Note: This is a companion problem to the System Design problem: 
Design TinyURL.
https://leetcode.com/discuss/interview-question/124658/Design-a-URL-Shortener-(-TinyURL-)-System/

TinyURL is a URL shortening service where you enter a URL such as:
https://leetcode.com/problems/design-tinyurl 
and it returns a short URL such as:
http://tinyurl.com/4e9iAk.

Design the encode and decode methods for the TinyURL service.

There is no restriction on how your encode/decode algorithm should work.

You just need to ensure that a URL can be encoded to a tiny URL 
and the tiny URL can be decoded to the original URL.

Apparently there is a companion problem. I will take a look at it later this week.

For example, if you watch YouTube videos (and who does not), chances are that you have noticed that the URLs are somewhat different to most URLs. They have been replaced in order to reduce space and to hide information about where the video clips are stored.

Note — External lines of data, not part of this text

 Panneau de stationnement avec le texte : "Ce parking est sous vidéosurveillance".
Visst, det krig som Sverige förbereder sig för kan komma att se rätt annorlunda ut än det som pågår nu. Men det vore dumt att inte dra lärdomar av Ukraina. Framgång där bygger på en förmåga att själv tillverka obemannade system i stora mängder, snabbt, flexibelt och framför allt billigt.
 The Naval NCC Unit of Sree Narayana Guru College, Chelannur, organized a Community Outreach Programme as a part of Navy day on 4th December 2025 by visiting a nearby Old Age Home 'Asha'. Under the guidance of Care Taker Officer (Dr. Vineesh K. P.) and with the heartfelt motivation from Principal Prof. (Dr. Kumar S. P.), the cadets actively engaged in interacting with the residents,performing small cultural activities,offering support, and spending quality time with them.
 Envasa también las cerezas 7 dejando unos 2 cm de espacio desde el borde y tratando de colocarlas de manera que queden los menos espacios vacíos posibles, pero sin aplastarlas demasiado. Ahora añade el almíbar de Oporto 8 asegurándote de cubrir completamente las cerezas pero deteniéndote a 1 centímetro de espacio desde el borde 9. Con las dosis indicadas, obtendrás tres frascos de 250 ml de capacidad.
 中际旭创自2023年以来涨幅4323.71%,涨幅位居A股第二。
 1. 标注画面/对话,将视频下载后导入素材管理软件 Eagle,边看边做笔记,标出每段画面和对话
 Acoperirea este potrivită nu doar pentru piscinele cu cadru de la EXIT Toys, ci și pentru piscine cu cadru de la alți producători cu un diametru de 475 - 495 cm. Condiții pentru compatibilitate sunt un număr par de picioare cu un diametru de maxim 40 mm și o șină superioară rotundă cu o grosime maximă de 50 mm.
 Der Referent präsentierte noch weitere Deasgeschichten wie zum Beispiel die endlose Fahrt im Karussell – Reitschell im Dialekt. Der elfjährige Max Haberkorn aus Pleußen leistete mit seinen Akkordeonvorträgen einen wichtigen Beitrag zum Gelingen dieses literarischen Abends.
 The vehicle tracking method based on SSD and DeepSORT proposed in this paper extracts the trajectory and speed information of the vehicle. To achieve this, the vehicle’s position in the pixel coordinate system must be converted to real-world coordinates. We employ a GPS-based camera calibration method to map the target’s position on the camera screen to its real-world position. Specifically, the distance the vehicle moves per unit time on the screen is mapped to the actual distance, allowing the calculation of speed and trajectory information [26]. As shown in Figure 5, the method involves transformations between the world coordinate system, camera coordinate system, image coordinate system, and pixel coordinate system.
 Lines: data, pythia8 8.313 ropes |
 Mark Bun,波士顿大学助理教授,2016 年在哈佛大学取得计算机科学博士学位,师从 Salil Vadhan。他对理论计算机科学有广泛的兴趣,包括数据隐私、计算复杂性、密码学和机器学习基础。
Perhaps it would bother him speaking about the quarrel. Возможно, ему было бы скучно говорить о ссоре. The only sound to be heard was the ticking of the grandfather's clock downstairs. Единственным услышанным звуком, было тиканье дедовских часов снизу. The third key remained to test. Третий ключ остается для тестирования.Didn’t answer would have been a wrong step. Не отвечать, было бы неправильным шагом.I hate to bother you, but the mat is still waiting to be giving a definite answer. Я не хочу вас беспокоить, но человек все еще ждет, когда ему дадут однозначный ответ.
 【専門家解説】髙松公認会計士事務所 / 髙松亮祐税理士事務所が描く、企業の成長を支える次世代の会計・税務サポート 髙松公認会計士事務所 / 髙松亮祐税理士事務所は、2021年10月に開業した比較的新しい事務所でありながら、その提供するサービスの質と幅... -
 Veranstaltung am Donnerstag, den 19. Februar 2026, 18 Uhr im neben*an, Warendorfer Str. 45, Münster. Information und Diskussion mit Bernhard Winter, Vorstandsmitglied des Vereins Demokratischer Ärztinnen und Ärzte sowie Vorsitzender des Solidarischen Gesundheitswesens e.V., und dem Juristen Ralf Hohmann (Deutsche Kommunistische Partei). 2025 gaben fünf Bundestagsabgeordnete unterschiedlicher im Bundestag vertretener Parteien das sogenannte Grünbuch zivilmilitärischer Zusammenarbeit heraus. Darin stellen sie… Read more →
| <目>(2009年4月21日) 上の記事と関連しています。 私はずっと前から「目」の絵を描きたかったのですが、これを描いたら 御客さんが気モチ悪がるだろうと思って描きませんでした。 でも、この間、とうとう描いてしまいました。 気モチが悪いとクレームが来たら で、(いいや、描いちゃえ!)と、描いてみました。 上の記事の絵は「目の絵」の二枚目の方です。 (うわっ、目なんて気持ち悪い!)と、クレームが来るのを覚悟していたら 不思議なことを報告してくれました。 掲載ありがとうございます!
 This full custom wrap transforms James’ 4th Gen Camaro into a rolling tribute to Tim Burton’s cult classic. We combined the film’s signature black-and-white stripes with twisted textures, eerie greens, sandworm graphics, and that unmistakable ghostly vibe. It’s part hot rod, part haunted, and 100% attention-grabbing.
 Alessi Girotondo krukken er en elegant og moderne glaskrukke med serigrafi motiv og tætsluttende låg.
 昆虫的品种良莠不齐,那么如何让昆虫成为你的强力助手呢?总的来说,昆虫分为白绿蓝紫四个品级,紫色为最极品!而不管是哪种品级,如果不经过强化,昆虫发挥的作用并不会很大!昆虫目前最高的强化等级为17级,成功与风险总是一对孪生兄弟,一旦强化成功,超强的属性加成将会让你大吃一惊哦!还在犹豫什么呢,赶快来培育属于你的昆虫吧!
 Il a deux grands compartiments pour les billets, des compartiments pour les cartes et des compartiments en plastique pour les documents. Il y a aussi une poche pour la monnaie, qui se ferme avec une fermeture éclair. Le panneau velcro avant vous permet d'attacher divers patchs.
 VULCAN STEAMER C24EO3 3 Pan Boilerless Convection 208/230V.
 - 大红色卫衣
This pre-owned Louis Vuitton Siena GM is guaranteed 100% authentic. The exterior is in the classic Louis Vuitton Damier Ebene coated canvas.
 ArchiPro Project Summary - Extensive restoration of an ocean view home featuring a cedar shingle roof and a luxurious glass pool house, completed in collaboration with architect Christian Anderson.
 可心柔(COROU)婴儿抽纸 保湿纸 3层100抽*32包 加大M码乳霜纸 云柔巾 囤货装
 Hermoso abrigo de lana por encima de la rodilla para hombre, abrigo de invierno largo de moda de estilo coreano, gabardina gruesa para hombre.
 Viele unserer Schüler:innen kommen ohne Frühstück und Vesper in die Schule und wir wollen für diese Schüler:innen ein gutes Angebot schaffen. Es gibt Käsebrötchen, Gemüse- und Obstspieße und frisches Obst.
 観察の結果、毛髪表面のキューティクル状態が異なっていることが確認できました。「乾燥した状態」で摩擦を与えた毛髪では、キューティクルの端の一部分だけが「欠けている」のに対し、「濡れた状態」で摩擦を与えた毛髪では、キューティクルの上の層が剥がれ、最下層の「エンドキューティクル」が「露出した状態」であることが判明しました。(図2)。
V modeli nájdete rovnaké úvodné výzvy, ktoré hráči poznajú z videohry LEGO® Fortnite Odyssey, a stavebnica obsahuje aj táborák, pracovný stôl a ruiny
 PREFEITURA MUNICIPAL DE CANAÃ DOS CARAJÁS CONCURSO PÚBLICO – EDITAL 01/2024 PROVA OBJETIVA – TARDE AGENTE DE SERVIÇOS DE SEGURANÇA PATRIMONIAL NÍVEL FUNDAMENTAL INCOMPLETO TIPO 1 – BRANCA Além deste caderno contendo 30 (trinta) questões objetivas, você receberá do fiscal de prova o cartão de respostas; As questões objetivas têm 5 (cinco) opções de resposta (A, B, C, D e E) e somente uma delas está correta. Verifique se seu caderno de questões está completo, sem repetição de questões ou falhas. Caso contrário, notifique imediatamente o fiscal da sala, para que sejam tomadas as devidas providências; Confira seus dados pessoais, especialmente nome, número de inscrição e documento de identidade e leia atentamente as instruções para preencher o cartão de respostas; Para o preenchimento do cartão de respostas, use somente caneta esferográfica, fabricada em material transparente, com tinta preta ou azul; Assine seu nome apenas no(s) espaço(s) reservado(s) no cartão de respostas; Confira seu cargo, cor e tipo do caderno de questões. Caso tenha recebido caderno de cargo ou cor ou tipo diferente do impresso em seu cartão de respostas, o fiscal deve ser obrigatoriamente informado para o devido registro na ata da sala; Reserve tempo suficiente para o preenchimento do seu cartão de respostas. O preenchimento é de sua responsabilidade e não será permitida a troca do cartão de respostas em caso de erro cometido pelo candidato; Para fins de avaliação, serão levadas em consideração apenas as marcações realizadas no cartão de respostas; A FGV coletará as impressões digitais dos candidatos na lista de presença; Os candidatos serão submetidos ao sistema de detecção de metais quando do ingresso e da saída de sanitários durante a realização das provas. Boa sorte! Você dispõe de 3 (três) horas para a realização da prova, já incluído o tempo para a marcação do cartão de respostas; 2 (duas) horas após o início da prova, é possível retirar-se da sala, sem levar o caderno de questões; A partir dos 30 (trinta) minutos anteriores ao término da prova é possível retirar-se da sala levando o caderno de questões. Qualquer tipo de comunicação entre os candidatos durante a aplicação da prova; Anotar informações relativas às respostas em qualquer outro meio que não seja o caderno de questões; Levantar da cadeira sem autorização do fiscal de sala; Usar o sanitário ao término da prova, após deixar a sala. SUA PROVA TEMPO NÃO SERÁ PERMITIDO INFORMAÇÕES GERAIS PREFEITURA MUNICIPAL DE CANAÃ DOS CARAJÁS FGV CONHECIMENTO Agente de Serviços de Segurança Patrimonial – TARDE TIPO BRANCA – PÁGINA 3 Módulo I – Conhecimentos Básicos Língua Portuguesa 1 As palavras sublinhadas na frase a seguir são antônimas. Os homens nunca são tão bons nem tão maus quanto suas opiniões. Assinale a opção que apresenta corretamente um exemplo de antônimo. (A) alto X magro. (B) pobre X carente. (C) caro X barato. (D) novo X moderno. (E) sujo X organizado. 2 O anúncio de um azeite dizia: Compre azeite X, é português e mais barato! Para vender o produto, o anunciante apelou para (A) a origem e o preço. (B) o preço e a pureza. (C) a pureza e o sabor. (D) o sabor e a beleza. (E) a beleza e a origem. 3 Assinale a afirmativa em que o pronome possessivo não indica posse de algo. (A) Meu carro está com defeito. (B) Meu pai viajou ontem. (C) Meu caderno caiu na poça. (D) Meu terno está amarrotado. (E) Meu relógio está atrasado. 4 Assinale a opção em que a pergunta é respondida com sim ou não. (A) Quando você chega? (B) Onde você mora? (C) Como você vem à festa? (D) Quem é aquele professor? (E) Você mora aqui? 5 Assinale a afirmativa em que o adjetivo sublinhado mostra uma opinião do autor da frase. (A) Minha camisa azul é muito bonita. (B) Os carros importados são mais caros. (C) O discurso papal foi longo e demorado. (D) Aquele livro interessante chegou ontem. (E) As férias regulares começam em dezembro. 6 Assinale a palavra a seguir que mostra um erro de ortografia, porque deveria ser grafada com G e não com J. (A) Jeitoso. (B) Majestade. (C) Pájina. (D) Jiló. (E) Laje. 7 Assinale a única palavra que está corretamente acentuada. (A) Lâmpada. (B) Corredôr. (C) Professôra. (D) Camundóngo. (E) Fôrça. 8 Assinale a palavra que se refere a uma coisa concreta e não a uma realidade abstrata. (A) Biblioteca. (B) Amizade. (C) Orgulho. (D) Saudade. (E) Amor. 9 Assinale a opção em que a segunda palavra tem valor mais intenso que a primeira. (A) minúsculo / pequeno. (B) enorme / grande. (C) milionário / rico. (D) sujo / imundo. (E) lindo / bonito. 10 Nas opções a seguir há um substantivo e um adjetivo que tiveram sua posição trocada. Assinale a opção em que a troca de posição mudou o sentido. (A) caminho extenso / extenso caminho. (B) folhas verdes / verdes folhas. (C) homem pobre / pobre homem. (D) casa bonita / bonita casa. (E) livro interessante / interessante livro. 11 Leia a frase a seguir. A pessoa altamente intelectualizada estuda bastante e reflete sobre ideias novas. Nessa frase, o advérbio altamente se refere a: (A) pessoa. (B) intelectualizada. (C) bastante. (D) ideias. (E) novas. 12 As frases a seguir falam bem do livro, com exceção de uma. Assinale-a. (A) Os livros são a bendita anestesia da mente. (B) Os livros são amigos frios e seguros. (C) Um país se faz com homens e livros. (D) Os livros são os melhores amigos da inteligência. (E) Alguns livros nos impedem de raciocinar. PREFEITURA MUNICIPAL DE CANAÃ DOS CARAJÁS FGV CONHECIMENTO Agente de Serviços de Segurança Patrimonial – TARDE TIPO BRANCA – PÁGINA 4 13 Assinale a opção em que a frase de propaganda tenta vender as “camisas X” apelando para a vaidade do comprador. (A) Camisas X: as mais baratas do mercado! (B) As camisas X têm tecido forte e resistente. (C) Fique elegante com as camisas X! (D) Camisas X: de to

We need to design the encode() and decode() methods that will take respectively a long URL and convert it to a short URL and vice versa. Note that we can do whatever we want in the required methods.

I will develop the code using the Java programming language on a Windows 10 machine using the VSCode IDE. The simplest approach is to directly solve it in the LeetCode web site using the provided IDE.

Since I will use my computer, in addition to solving the problem, we will be generating a test scaffolding.

public class Codec {

    // Encodes a URL to a shortened URL.
    public String encode(String longUrl) {
        
    }

    // Decodes a shortened URL to its original URL.
    public String decode(String shortUrl) {
        
    }
}

// Your Codec object will be instantiated and called as such:
// Codec codec = new Codec();
// codec.decode(codec.encode(url));

The name of the class and the two required methods are shown. In addition, note how LeetCode will be testing our implementation. That is interesting.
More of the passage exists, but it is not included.